PROMPT. Reproduce exactly the line containing "17日,樊振东通过球迷会微博" and each line after it until the listing ends, leaving pictures out.

EXERCISE DATA.
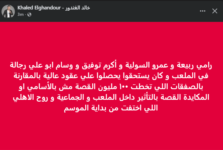 تحيا مصر، وكتب خالد الغندور عبر حسابه الرسمي”فيس بوك”: رامي ربيعة و عمرو السولية، و أكرم توفيق و وسام أبو علي رجالة في الملعب، وكان يستحقوا يحصلوا علي عقود عالية بالمقارنة بالصفقات اللي تخطت ١٠٠ مليون القصة مش بالأسامي، أو المكايدة القصة بالتأثير داخل الملعب و الجماعية و روح الاهلي اللي اختفت من بداية الموسم”.
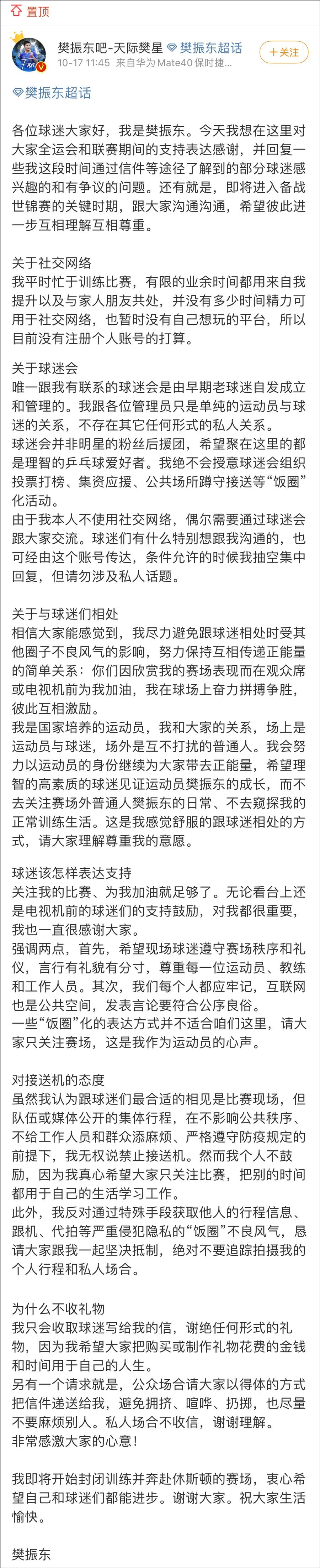 17日,樊振东通过球迷会微博账号@樊振东吧-天际樊星 发布长文,称自己平时忙于训练比赛,有限的业余时间都用来自我提升、与家人朋友共处,并没有多少时间精力可用于社交网络,也暂时没有自己想玩的平台,所以目前没有注册个人账号的打算。
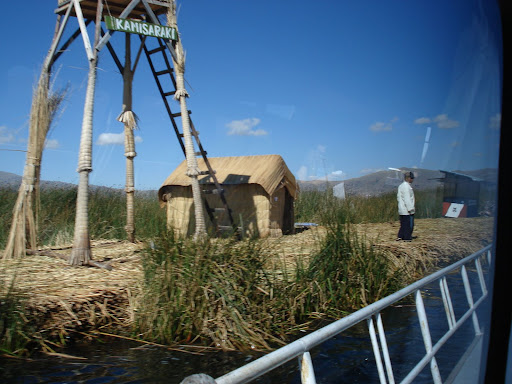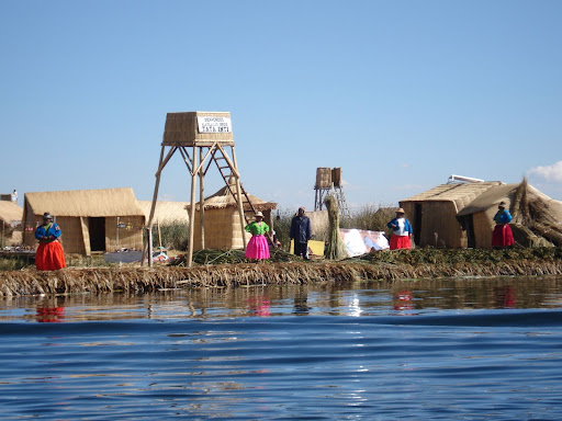 Titikaka湖,的的喀喀湖,位在秘魯和玻利維亞的邊境,海平面3800多公尺高的湖泊,是全世界可以行船的最高湖泊!除了是南美洲最大的湖泊之外,也是世界上最高的商業通航湖泊唷!今天的團是從Puno出發,經過一系列的遊覽之後,在Isla Armatani待上一晚。我們首先來到的是Uros人工島嶼,這個些零星散落的小島們,底層是枯乾的蘆葦草根,上面是用中空漂浮的蘆葦草交錯搭成的,再利用木棍、石頭與繩子加以固定!這些蘆葦草還可以捆成蘆葦船!島上的景觀十分別緻有趣,一切純天然的建築住著純樸的人們!這些浮島據說一共有14個,其中還有「首都」、「學校」呢!居住在島上是多麼困苦以及不方便的事,要是沒有特別的原因,誰會願意住在荒蕪的湖泊上呢?這些印第安民族之所以會到島上生活,是由於印加帝國崛起時,印第安土著們被迫搬遷島上以求棲身之地。原本,他們只是建造蘆葦船,吃喝拉撒睡都在船上,之後家族擴大,聰明地在湖上自建浮島,沒想到現在成為觀光聖地了!
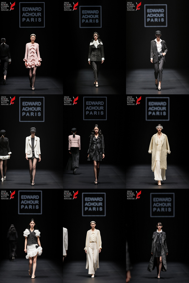 “DRESS TO IMPRESS”从题发布秀中,EDWARD ACHOUR PARIS联袂米尚纺织品、典俪纺织,展现专为现代成熟女性设想的秀演服饰。该系列沉视剪裁的完满协和谐高质量的面料使用,服拆同时适合正式场所和日常糊口,代表了一种低调的文雅,展示了奇特的巴黎美学。

EXERCISE SOLUTION.
 17日,樊振东通过球迷会微博账号@樊振东吧-天际樊星 发布长文,称自己平时忙于训练比赛,有限的业余时间都用来自我提升、与家人朋友共处,并没有多少时间精力可用于社交网络,也暂时没有自己想玩的平台,所以目前没有注册个人账号的打算。
 Titikaka湖,的的喀喀湖,位在秘魯和玻利維亞的邊境,海平面3800多公尺高的湖泊,是全世界可以行船的最高湖泊!除了是南美洲最大的湖泊之外,也是世界上最高的商業通航湖泊唷!今天的團是從Puno出發,經過一系列的遊覽之後,在Isla Armatani待上一晚。我們首先來到的是Uros人工島嶼,這個些零星散落的小島們,底層是枯乾的蘆葦草根,上面是用中空漂浮的蘆葦草交錯搭成的,再利用木棍、石頭與繩子加以固定!這些蘆葦草還可以捆成蘆葦船!島上的景觀十分別緻有趣,一切純天然的建築住著純樸的人們!這些浮島據說一共有14個,其中還有「首都」、「學校」呢!居住在島上是多麼困苦以及不方便的事,要是沒有特別的原因,誰會願意住在荒蕪的湖泊上呢?這些印第安民族之所以會到島上生活,是由於印加帝國崛起時,印第安土著們被迫搬遷島上以求棲身之地。原本,他們只是建造蘆葦船,吃喝拉撒睡都在船上,之後家族擴大,聰明地在湖上自建浮島,沒想到現在成為觀光聖地了!
 “DRESS TO IMPRESS”从题发布秀中,EDWARD ACHOUR PARIS联袂米尚纺织品、典俪纺织,展现专为现代成熟女性设想的秀演服饰。该系列沉视剪裁的完满协和谐高质量的面料使用,服拆同时适合正式场所和日常糊口,代表了一种低调的文雅,展示了奇特的巴黎美学。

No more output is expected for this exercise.